The list features young talent like Flora Liao, 27, a lead user interface developer at Sun Life Financial. Not only did she break through onto the top 30 list – thanks to a nomination from her manager – but she participated in the hackathon event alongside her colleagues too. The team, dubbed Ctrl Alt Elite, came up with a Voice ID product for call centres. Using machine learning, it would analyze a customer’s voice in order to identify them, providing better security and eliminating the need for a set of security questions every time someone calls in. (How many times has your bank asked you for your mother’s maiden name?)

“It’s great to acknowledge the developers under 30. Especially in Canada, you don’t really hear about these awards,” Liao said in an interview. “I hope to inspire more women developers to come out and they can compete. I know it’s a male-dominated field, but if we can just show ourselves, then we can be acknowledged.”

Liao, who described herself as “liking all the pretty things” in her biography for the 30 under 30 list, says her strong suits as a front-end developer are paying attention to detail and taking a visually-oriented approach. She realized her passion for web development when she was in university, and while others in her group were focused on the database, she spent time on making the charts beautiful. As a result, the teacher’s assistants grading the work found that it stood out from the crowd.

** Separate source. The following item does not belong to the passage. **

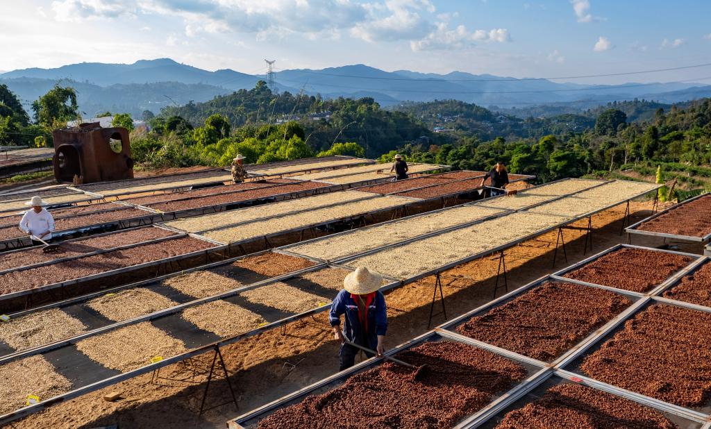 云南小粒咖啡“颗粒饱满、香气浓郁、口感醇厚”的独特风味,被当地群众昵称为“金豆子”。据云南省农业农村厅统计,截至2024年底,全省咖啡种植面积超过120万亩,年产量突破14万吨,均占全国98%以上。

“I like to make things pop,” she says. “I like to focus on the audience who are using my websites.”

Judges use a blinded process to determine winners

Asked if diversity is a factor considered for the 30 under 30 winners list, organizer and judge Opi Marok, vice-president of partnerships and client experience at Plastic Mobile, explains that the judging process uses a blinded system to remove bias from the equation. Judges aren’t provided nominee names or photos, just their submitted applications.

“What we’re looking for is not only great developers, but great developers that support the overall development of other developers in the eco-system,” he says. “You’re helping the entire community at large… we have a lot of folks that really do focus their efforts on being mentors, not only in technology, but in other spaces.”

Marok says the Developer 30 under 30 program aims to serve as a beacon for Canadian developers to stay in the country. With many forecasting skill shortages in technical fields, there is always the lure of a lucrative offer from someone south of the border to consider. To that end, there was “one piece missing” in the past two years, Marok says, which was the conference component of the event.

Conference topics included vertical approaches to using AI, applying DevOps techniques to data science, as well as building and deploying machine learning on Microsoft Azure. There were developer panels on AI, open source, and quantum computing.

Plastic Mobile has been able to draw in key partners to sponsor the event and supply speakers, and other firms encouraged developer employees to take part in the hackathon, Marok says.

Jenny Alfandary, a digital innovation consultant and an IT professor at Humber College, helped in judging the 30 under 30 list nominations.  She describes the process as very solid, involving both in-person and online meetings for judges. She received a package of more than 300 pages detailing the nominee’s profile information.

“I have seen so many bright and talented developers, data scientists, and AI researchers,” she says. “I encourage my students to participate and I actually kind of figure out who our best candidates are and I advise them to join.”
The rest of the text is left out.